--- The data Enclosed Below ---
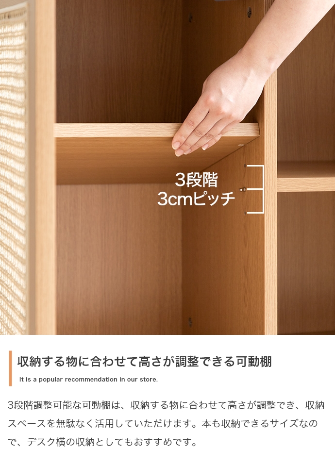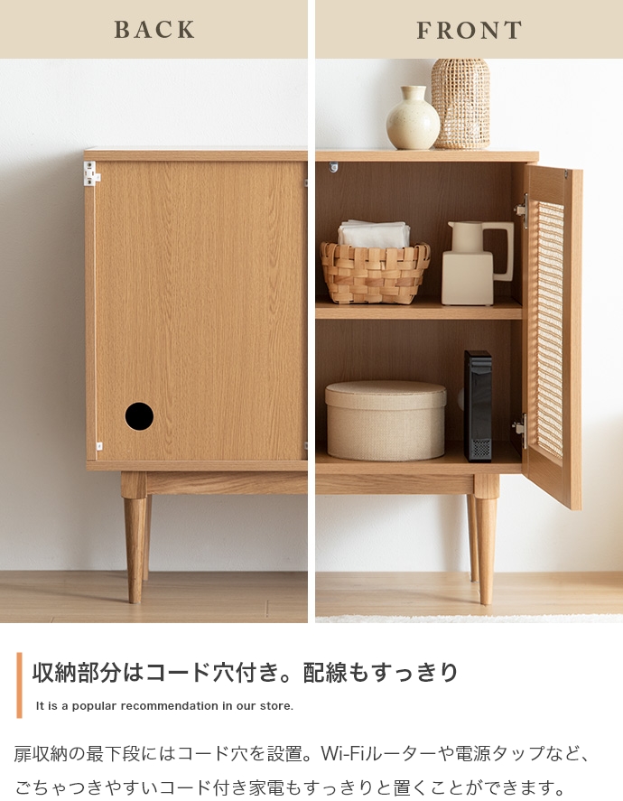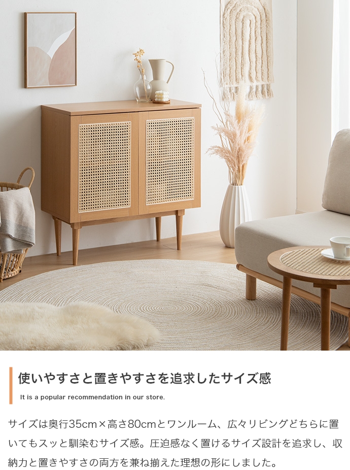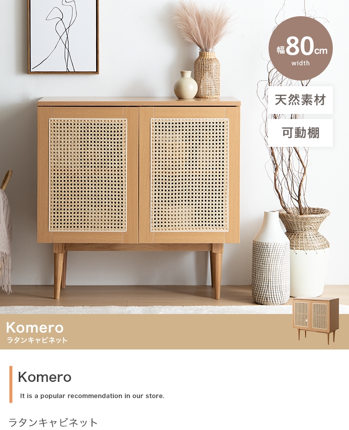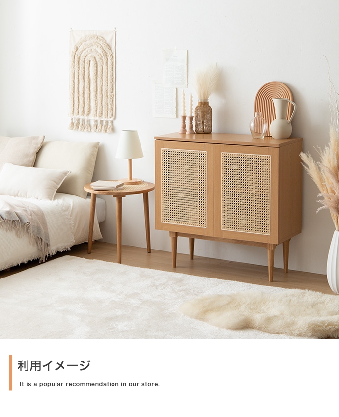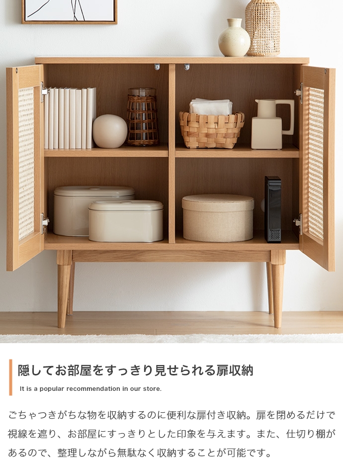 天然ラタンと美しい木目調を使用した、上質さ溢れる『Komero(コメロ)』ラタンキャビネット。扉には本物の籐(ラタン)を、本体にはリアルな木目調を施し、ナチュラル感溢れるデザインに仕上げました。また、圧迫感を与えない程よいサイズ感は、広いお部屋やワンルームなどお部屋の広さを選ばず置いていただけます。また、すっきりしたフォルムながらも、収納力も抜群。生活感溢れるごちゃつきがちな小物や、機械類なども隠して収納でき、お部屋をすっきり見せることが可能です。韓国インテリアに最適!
--- End of Enclosed The data ---
--- The data Enclosed Below ---
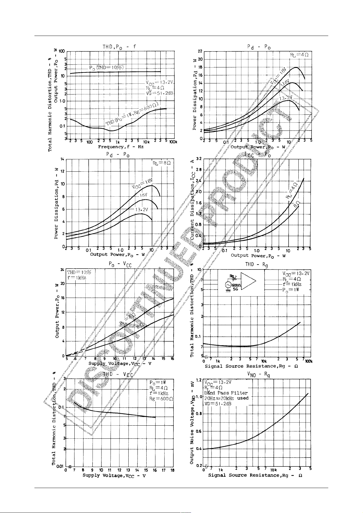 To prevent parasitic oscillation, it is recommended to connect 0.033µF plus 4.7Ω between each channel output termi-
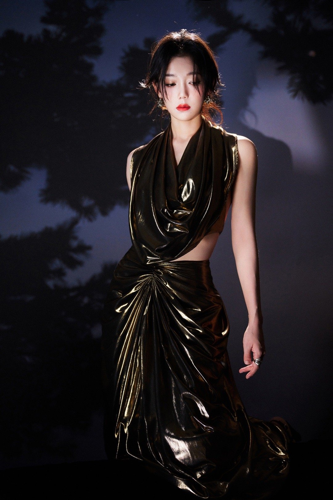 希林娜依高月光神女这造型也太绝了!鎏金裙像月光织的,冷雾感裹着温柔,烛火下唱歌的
--- End of Enclosed The data ---
Could you repeat, exactly, only the lines above starting at the one that has "To prevent parasitic" and stopping after the one that has "希林娜依高月光神女这造型也太", without the pictures?

### Answer to this task
 To prevent parasitic oscillation, it is recommended to connect 0.033µF plus 4.7Ω between each channel output termi-
 希林娜依高月光神女这造型也太绝了!鎏金裙像月光织的,冷雾感裹着温柔,烛火下唱歌的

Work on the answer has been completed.